Mustangs win NJCAA DI Softball national championship
Third-seeded NACC defeats fourth-seeded Temple (Texas) College 7-3 in NJCAA Division I World Series championship game
OXFORD — After the Northeast Alabama Community College softball program won the Alabama Community College Conference Tournament championship earlier this month, the Mustangs doused head coach Joe Guthrie with water.
But Guthrie wasn't the only one who ended up soaked after NACC's latest championship.
With his team right on his heels, Guthrie led the race to the pond at Choccolocco Park as the newly-crowned NJCAA Division I Softball national champion Mustangs made the park's customary celebratory splashdown following a 7-3 NJCAA World Series finals victory over Temple (Texas) College.
"It's a tradition at this place," Guthrie said. "The water felt good."
Sunday's win completed a storybook second season for NACC softball. NACC president Dr. David Campbell announced in September 2022 that the college would form a softball program, and NACC broke ground on a state-of-the art stadium less than a year later. After an up-and-down inaugural season in the spring of 2025, NACC burst onto the national scene in 2026 en route to winning the national championship.
"This is amazing," said sophomore left fielder Chloe Hatch. "This is what we've dreamed of since we started this program."
The Mustangs finished the season with a 56-4 record. They won their last eight games, sweeping three games en route to winning the Alabama Community College Conference Tournament before going 5-0 in the 20-team, double-elimination 2026 NJCAA Division I Softball World Series. The Mustangs defeated 14th-seeded Gaston (N.C.) 8-0, sixth-seeded Odessa (Texas) 4-3, seventh-seeded Paris (Texas) 9-4 and top-seeded Florida Southwestern State 6-4 before Sunday's championship game win over Temple.
Northeast Alabama became only the second ACCC school to win an NJCAA World Series national championship.
"Back in the fall and in the beginning of the season," said freshman third baseman Marti McCluskey, "we knew something was special about this team."

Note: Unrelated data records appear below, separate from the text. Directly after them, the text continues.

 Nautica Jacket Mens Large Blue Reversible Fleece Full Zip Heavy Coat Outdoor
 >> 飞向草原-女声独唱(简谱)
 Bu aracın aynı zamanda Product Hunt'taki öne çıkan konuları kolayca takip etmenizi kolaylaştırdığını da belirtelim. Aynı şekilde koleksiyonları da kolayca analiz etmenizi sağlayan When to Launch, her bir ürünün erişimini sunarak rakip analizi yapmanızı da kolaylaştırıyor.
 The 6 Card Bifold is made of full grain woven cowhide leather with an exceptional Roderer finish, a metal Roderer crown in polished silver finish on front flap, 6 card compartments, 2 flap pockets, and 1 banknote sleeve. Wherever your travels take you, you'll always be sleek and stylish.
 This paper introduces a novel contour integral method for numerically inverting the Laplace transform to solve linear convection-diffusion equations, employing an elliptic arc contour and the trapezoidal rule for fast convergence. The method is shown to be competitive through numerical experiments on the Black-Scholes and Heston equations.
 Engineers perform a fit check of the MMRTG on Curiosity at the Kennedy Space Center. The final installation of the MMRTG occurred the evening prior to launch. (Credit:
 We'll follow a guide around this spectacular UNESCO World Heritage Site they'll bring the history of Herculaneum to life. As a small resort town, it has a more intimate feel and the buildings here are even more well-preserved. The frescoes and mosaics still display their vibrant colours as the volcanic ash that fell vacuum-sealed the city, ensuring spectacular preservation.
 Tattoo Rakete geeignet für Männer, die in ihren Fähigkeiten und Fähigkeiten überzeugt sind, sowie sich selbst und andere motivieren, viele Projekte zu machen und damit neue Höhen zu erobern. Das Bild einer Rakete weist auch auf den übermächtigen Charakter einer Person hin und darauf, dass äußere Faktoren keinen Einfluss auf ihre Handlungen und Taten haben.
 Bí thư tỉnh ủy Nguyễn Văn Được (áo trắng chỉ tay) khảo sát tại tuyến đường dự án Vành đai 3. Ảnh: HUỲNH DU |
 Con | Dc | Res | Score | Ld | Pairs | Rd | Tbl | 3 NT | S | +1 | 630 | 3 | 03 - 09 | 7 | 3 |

NACC fell behind 3-0 in the top of the first inning, but the Mustangs came charging back in the third inning, loading the bases with one out after freshman Lorelai Sullivan singled, Hatch walked and sophomore Kiley Weston was hit by a pitch. McCluskey followed with a two-run single to center field to plate Sullivan and Weston to pull NACC within 3-2 before sophomore Francesca Lumpp hit the first pitch she saw down the left field line to drive in Weston with the game-tying run. Two batters later, sophomore Emmorie Burke hit a go-ahead three-run home run to right field to put the Mustangs in front for good.
"That's one of the biggest moments of my life," Burke said. "I knew it (off the bat). That's the best feeling."
Burke finished with four RBIs after driving in an insurance run for the Mustangs in the fifth with an RBI sacrifice fly that plated Lumpp, who led off the inning with a double.
Lumpp, the World Series MVP, finished 2-for-3 with an RBI while Burke, Hatch, Weston, McCluskey, Sullivan and sophomore Austin McNeece had one hit each. Weston was named the NJCAA World Series' Top Defensive Player while Hatch, McCluskey, Sullivan and freshman Olivia Acuff were named to the NJCAA All-World Series Team.
The seven runs NACC scored in Sunday's championship game were plenty of run support for freshman pitcher Addie Edwards, who did not allow a hit over the final four innings en route to finishing her season with a perfect 34-0 record in the pitching circle. She recorded four strikeouts and was named the NJCAA World Series' Best Pitcher after recording her fifth complete game win of the tournament.
"This is just an amazing feeling. We just all love each other, believe in each other and we just really wanted to show we could do this," Edwards said. "It's just amazing knowing that we've gone from not many people believing in us (because it was just the program's second season) to being the best in the nation."
To Guthrie, it was the fulfillment of what he envisioned the new start-up program could be when he was hired in the summer of 2023.
"We set a goal to be a national powerhouse and to win a national title," Guthrie said. "I'm really proud of our kids. Player-led team, they do all the things you ask of them and more. You never know how it's going to go at tournament time. But when we got here, from the first game on, they just kept hitting another gear. What a special group."